So what is stopping us putting (a record of) all our most important documents on a blockchain? In short, performance: bitcoin can manage something like 10tx/s. To handle (say) 100m US tax returns in the month before the filing deadline, you would need something like 40tx/s - without considering peaks in the load. And that's just for one application.

A lot of things in computer science are trade-offs. But there are a handful of hard-and-fast rules, and possibly the most important (and annoying) of them all is the CAP Theorem, which is one of those "choose any 2" rules, which basically says you can have any two of consistency, availability and tolerating network failures. And bitcoin and ethereum are big on consistency - before a block can be mined, it must be agreed what the block is. Understandably enough.

What I am going to do here is choose the other two, and say "consistency, who needs it?" Or, to be more precise, I will work towards consistency, but at any given moment, latency in the system may mean that different nodes see different things. But there should be a point in the past where they all agree on what the situation was.

What we're doing here

OK, enough general background and waffle. Why am I doing this, and specifically, why am I doing this here, on a blog that is supposed to be about things I know nothing about?

Well, to be fair, I don't have a deep understanding of existing blockchains, but I don't think I'm going to understand it here.
I think I do understand the fundamentals of a blockchain, and I hope to prove that (to myself, if nobody else).
This idea has been bouncing around in my head for a decade now, and I think I have it sorted out, but the only way to be sure is to try it.
This place is as good a place as any to "work out loud" and I'd be interested in feedback from anyone who's following along.

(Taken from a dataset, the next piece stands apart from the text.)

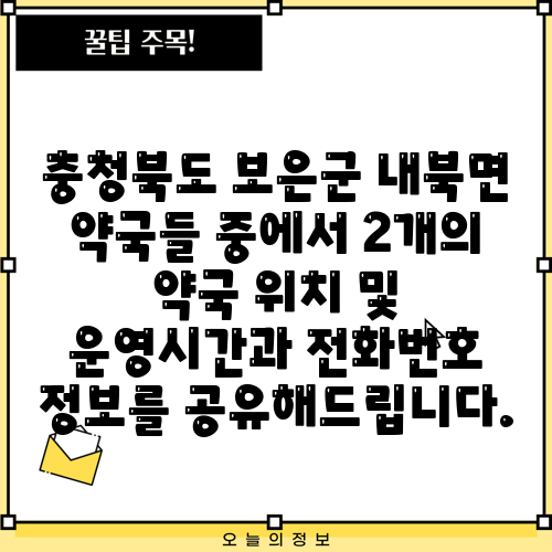 충청북도 보은군 내북면 약국들 중에서 2개의 약국 위치 및 운영시간과 전화번호 정보를 공유해드립니다.

I'm going to build this in Go, for "all the right reasons": it is fast; it compiles to a lightweight binary; and it is supported natively by AWS, so I can deploy it there. It is also the case that while I have used Go before, I haven't done that much with it, so this will be an experiment, and hopefully interesting to people out there (especially those that haven't used Go).

I have done a lot of work with truly distributed systems, but I'm aware that makes me one of an ever-smaller minority of software professionals. Computer systems have vastly different characteristics when they are:

just a simple program or script running in one place;
a multi-threaded program or script running in one process;
a set of programs that are working together, whether on one box or in a data center;
distributed around the world.

I am hoping to talk about that, along with some of the ways in which we can develop a system in Go on a single developer machine which still has all the characteristics of a system we can deploy around the world.

And then I'm hoping to actually deploy it around the world using AWS, and see if it does in fact work.

What am I planning to build?

So the plan is to build a distributed ledger with multiple nodes which can record "transactions" and then encode them all on a blockchain.

The set of nodes is "pre-defined" and each node knows that all of the others exist and can communicate with them.

The goal will be to have a system with 4 nodes deployed to AWS (using Lambda and DynamoDB) around the world and to have the system able to "keep up" with each node processing 1000tx/s.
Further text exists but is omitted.